• [WHAT TO PRODUCE] Your answer must be the lines of the material below, exactly as written, from its first line through the line with "洋湖湿地作为中南地区规模最大", and no pictures.
MATERIAL TO PROCESS START
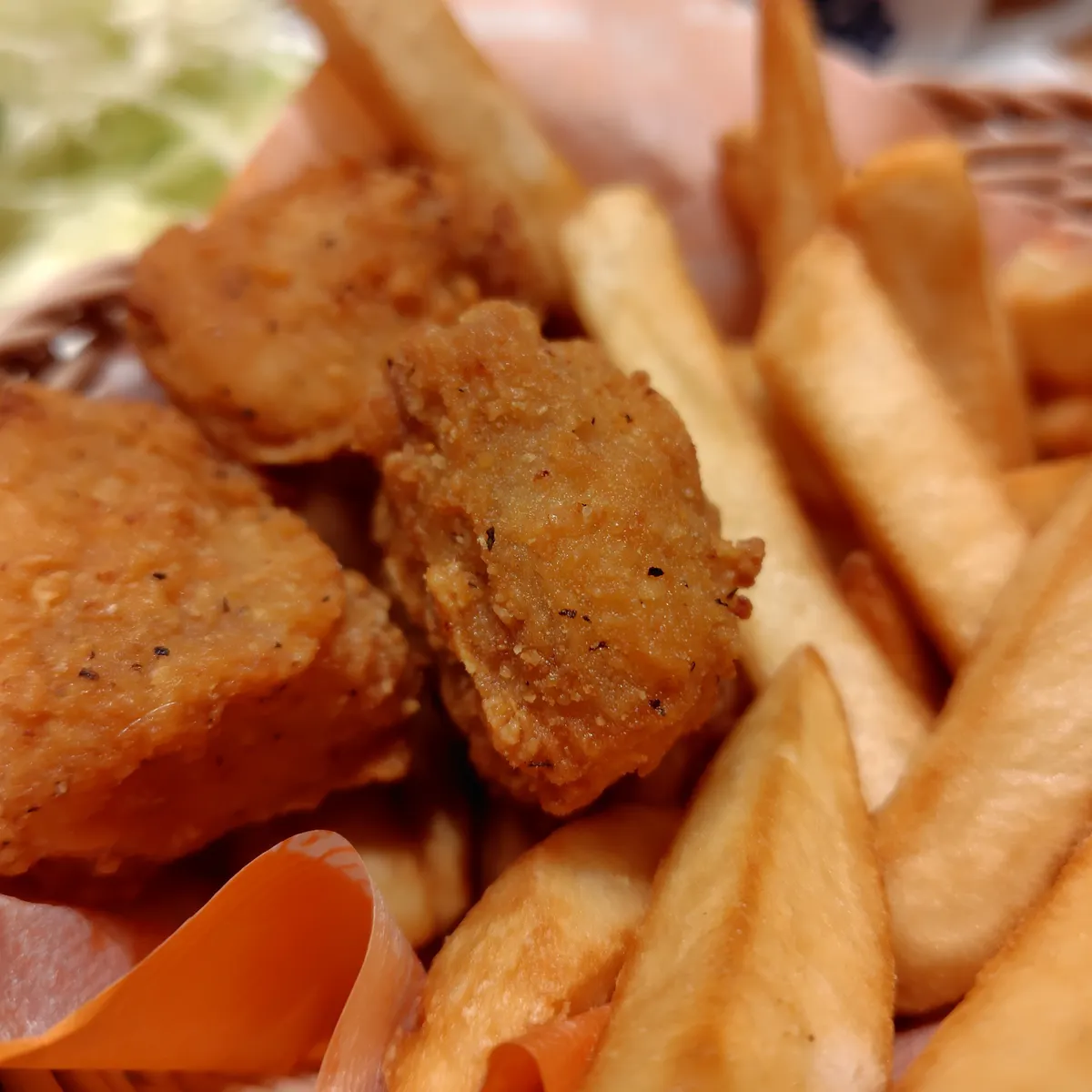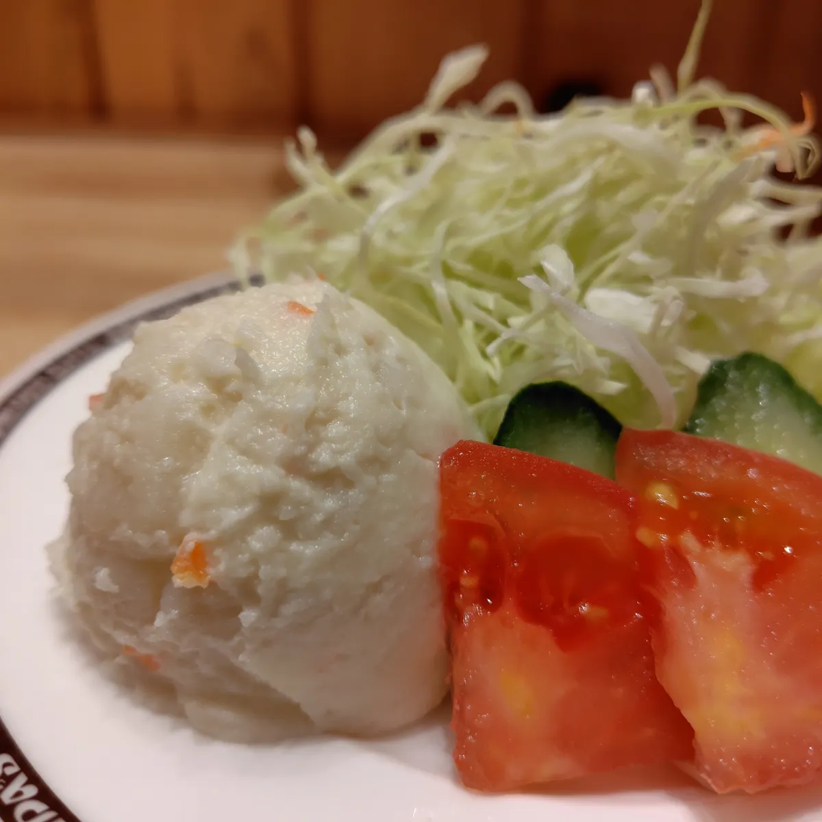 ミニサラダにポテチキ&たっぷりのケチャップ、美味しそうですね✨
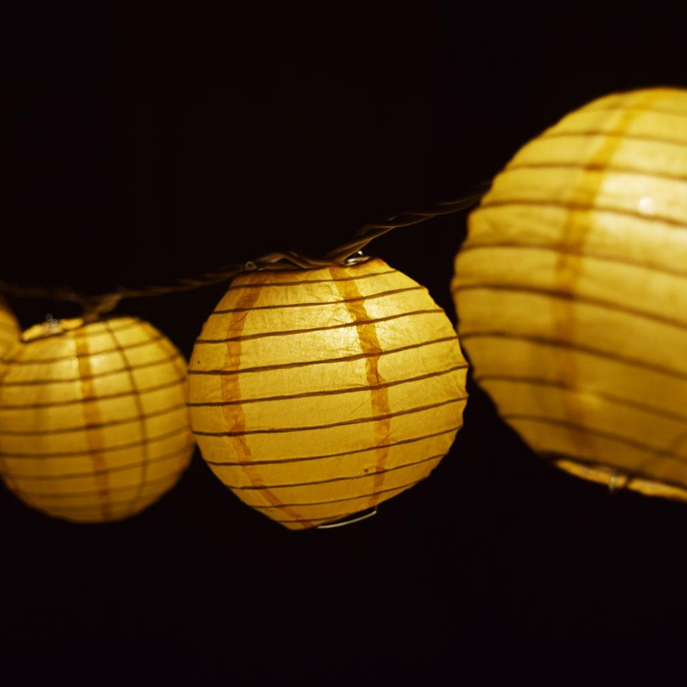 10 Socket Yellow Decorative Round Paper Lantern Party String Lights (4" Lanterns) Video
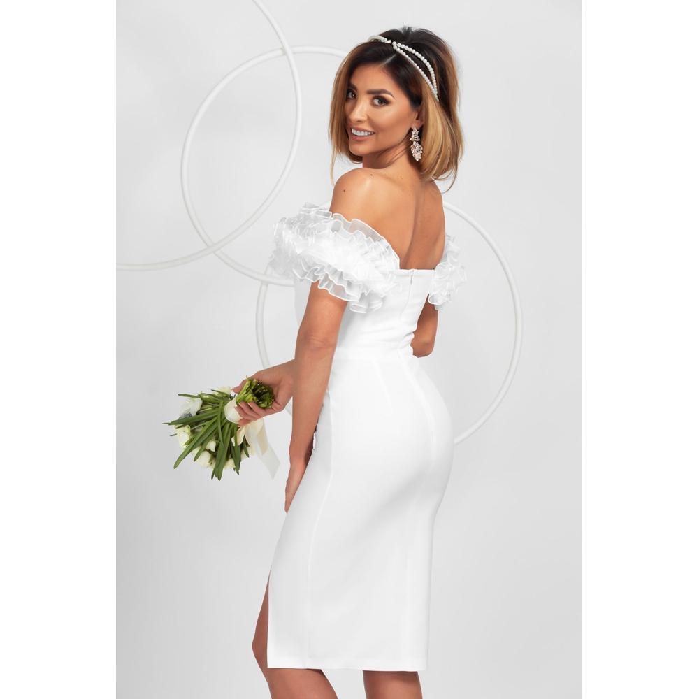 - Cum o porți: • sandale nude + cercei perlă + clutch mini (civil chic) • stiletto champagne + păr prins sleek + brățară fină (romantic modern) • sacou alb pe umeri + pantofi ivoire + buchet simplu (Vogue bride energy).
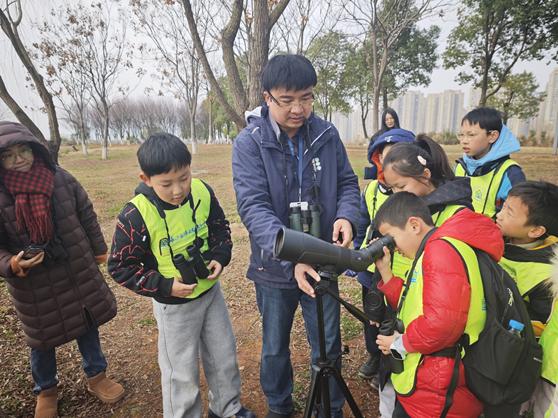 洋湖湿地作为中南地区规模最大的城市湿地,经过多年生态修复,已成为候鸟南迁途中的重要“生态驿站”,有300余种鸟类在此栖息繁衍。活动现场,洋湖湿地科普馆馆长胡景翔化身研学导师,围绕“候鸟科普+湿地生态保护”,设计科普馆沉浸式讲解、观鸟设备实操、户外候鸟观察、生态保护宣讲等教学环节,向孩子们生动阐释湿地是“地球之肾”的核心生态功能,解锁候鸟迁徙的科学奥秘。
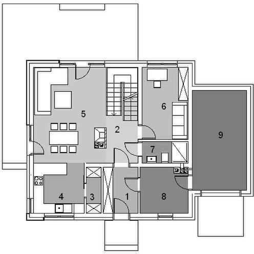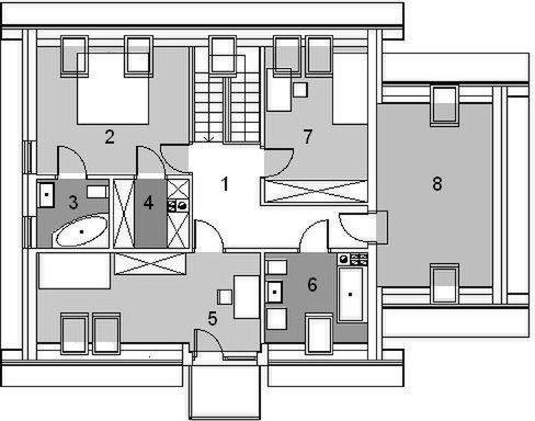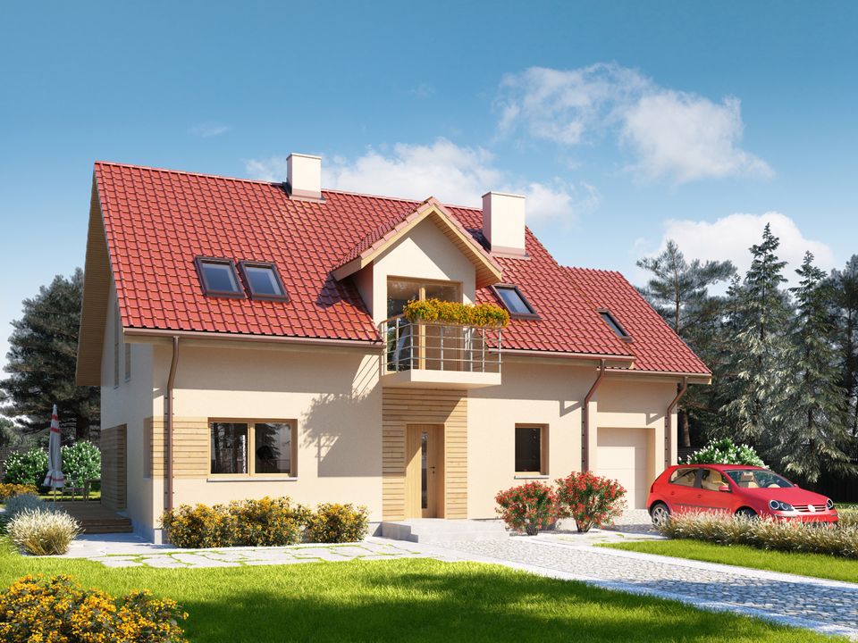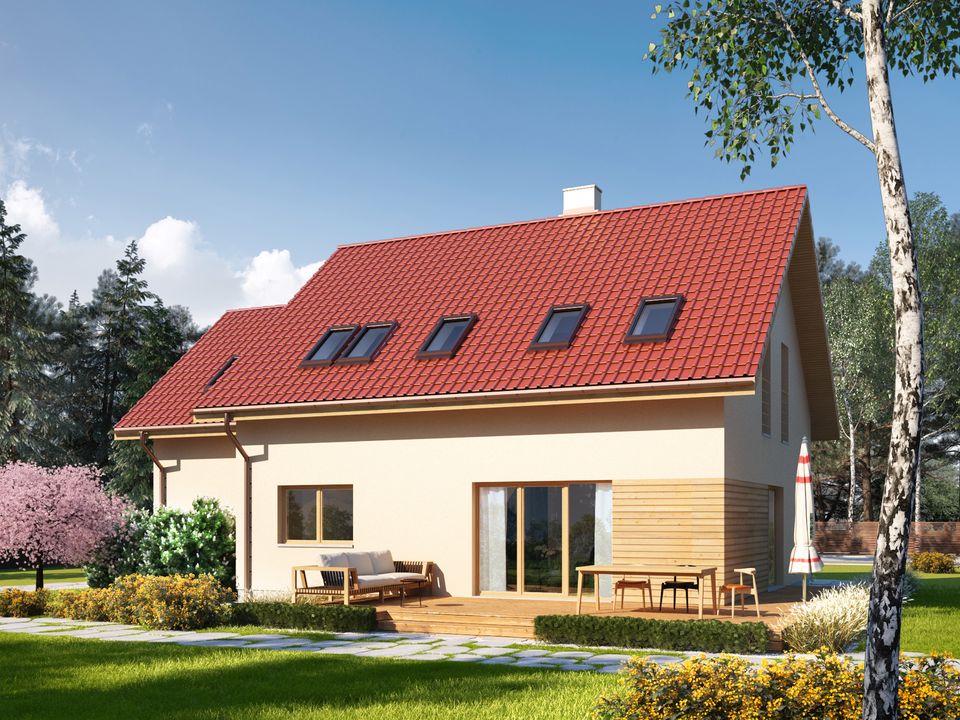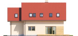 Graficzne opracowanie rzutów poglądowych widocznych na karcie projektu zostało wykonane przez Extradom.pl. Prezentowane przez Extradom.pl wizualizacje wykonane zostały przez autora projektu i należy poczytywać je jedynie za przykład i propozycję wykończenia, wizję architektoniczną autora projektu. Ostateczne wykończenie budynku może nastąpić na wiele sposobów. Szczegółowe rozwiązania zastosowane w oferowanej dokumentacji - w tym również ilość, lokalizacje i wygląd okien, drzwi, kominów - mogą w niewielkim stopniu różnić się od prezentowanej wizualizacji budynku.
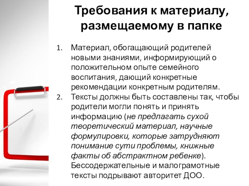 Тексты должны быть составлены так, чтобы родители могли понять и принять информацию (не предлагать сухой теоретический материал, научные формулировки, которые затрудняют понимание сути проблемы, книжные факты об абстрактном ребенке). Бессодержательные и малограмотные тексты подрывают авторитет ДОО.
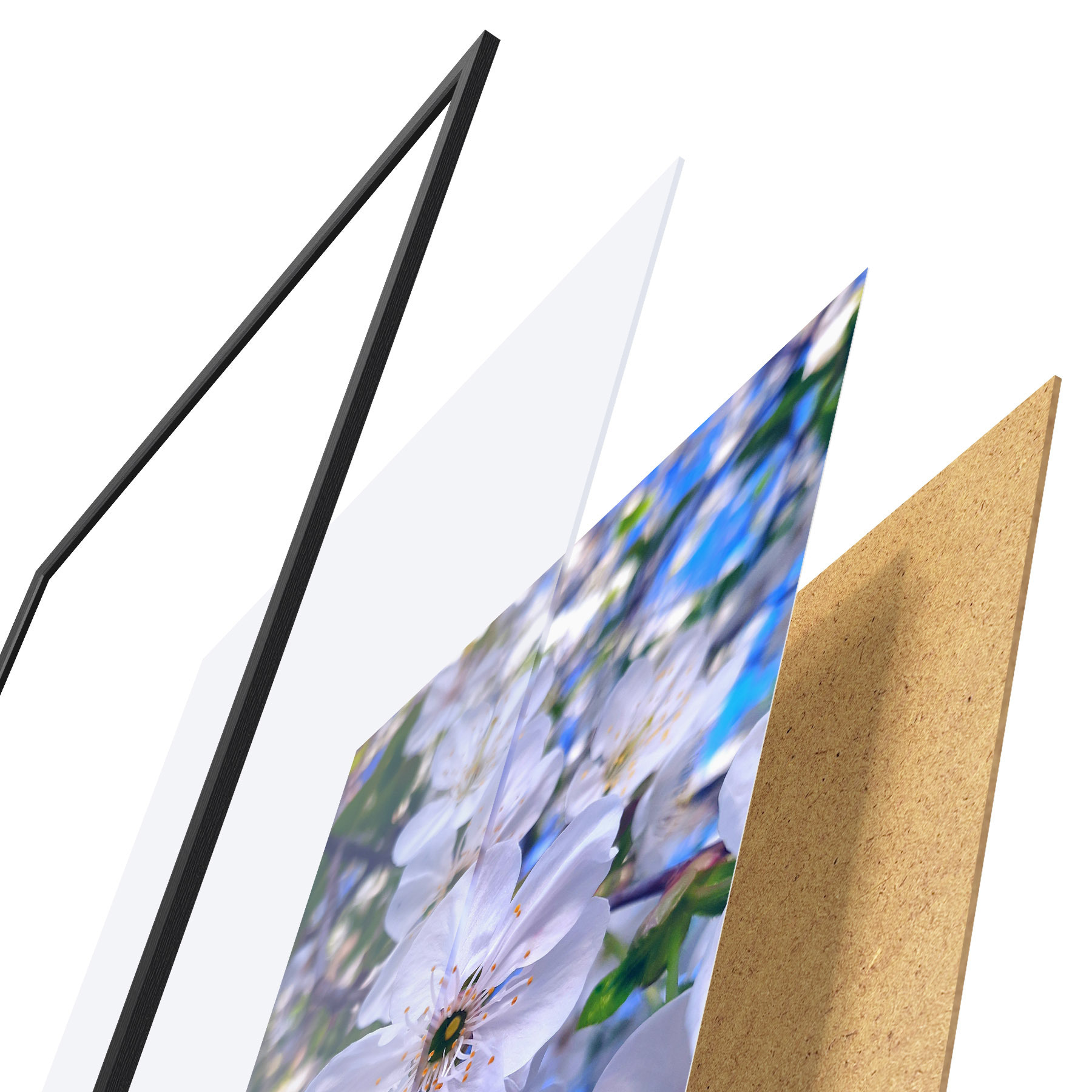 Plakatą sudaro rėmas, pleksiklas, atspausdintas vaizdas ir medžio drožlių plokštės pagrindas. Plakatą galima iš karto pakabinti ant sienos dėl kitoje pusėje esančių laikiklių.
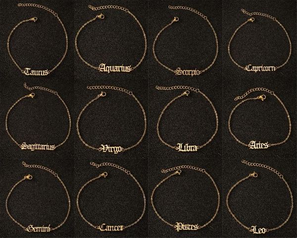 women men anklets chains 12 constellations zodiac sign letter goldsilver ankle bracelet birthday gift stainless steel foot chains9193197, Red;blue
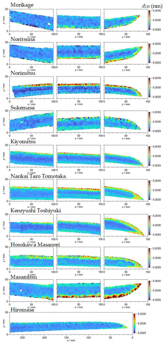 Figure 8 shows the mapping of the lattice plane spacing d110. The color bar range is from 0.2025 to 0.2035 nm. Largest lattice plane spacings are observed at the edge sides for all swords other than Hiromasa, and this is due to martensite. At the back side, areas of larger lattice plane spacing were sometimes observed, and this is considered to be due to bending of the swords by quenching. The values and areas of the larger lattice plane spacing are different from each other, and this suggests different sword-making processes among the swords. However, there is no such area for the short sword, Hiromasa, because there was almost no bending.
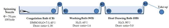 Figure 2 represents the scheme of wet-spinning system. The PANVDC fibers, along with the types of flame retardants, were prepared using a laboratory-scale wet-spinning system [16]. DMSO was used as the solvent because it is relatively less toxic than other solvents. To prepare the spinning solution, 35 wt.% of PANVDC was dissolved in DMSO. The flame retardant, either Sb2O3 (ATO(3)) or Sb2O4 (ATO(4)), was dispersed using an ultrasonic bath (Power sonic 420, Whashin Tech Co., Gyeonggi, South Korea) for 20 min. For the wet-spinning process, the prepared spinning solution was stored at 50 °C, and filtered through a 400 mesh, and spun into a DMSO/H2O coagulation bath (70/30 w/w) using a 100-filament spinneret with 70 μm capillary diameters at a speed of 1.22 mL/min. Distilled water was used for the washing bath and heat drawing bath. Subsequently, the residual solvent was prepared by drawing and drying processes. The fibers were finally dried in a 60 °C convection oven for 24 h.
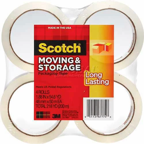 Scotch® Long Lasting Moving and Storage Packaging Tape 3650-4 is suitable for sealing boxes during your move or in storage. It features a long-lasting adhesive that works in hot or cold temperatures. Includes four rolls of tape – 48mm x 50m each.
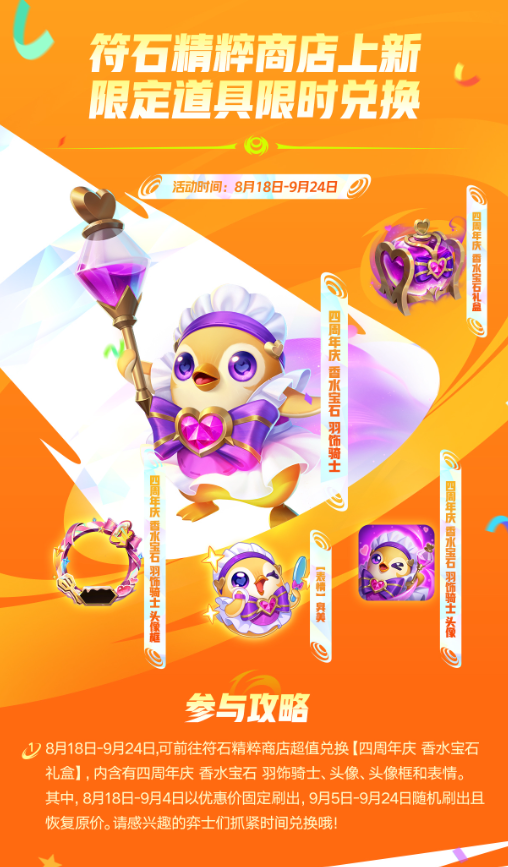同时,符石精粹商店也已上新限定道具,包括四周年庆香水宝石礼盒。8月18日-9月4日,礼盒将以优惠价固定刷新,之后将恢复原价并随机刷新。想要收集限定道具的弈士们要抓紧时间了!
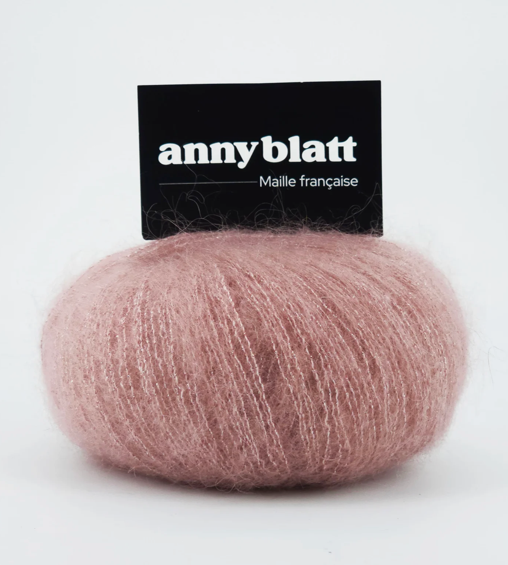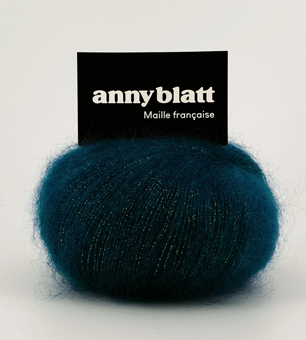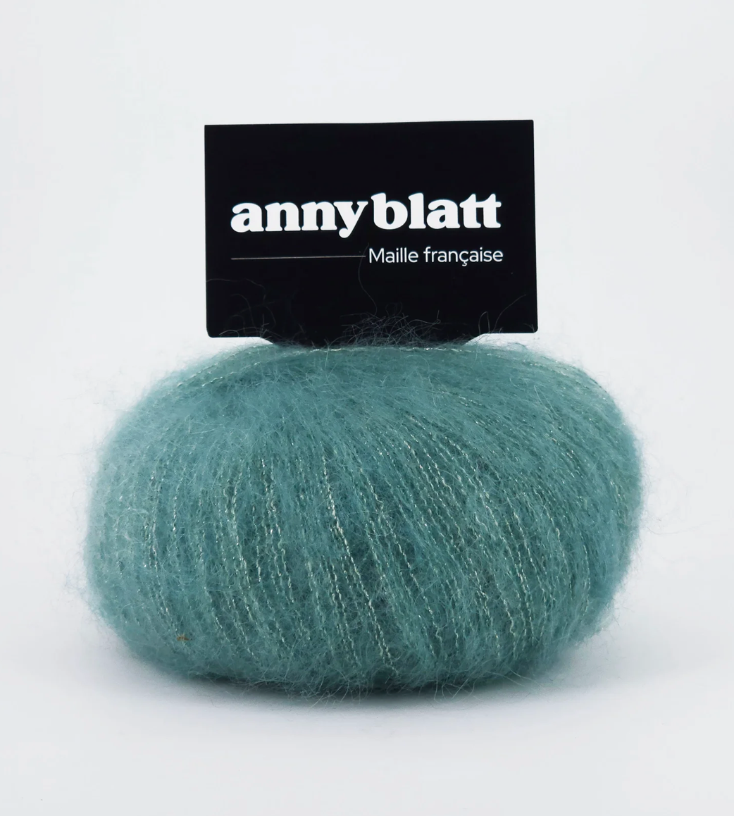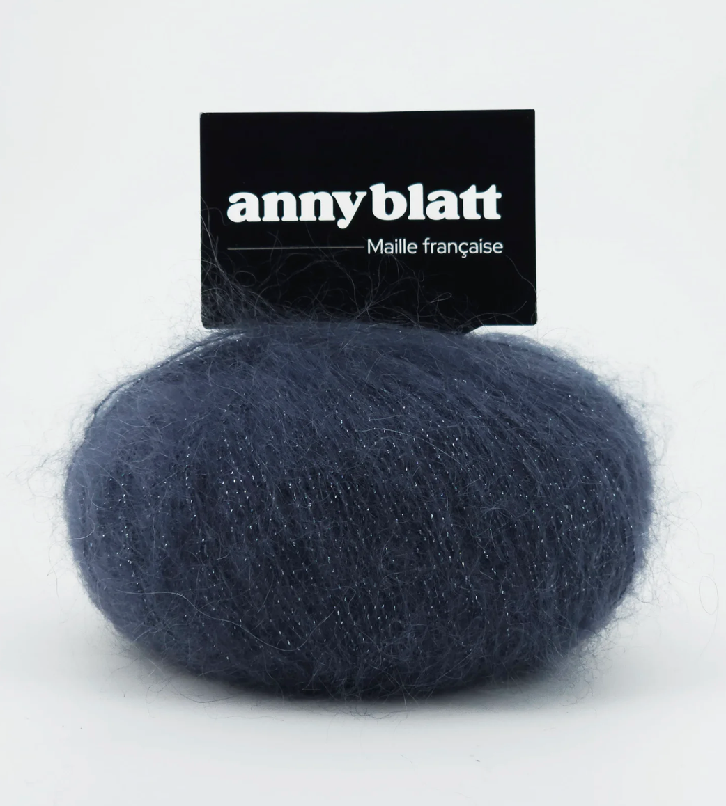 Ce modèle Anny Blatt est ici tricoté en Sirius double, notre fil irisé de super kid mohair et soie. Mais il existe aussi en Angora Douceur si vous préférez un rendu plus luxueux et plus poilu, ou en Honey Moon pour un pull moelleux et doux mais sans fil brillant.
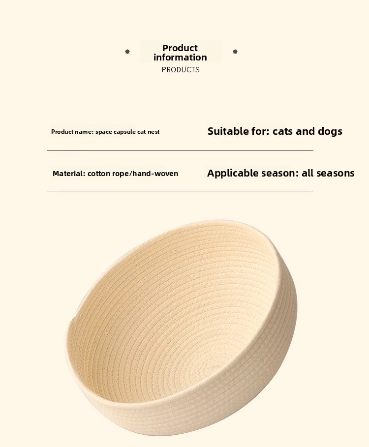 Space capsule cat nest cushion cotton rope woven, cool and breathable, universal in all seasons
MATERIAL TO PROCESS END
• [THE COMPLETED TASK]
 ミニサラダにポテチキ&たっぷりのケチャップ、美味しそうですね✨
 10 Socket Yellow Decorative Round Paper Lantern Party String Lights (4" Lanterns) Video
 - Cum o porți: • sandale nude + cercei perlă + clutch mini (civil chic) • stiletto champagne + păr prins sleek + brățară fină (romantic modern) • sacou alb pe umeri + pantofi ivoire + buchet simplu (Vogue bride energy).
 洋湖湿地作为中南地区规模最大的城市湿地,经过多年生态修复,已成为候鸟南迁途中的重要“生态驿站”,有300余种鸟类在此栖息繁衍。活动现场,洋湖湿地科普馆馆长胡景翔化身研学导师,围绕“候鸟科普+湿地生态保护”,设计科普馆沉浸式讲解、观鸟设备实操、户外候鸟观察、生态保护宣讲等教学环节,向孩子们生动阐释湿地是“地球之肾”的核心生态功能,解锁候鸟迁徙的科学奥秘。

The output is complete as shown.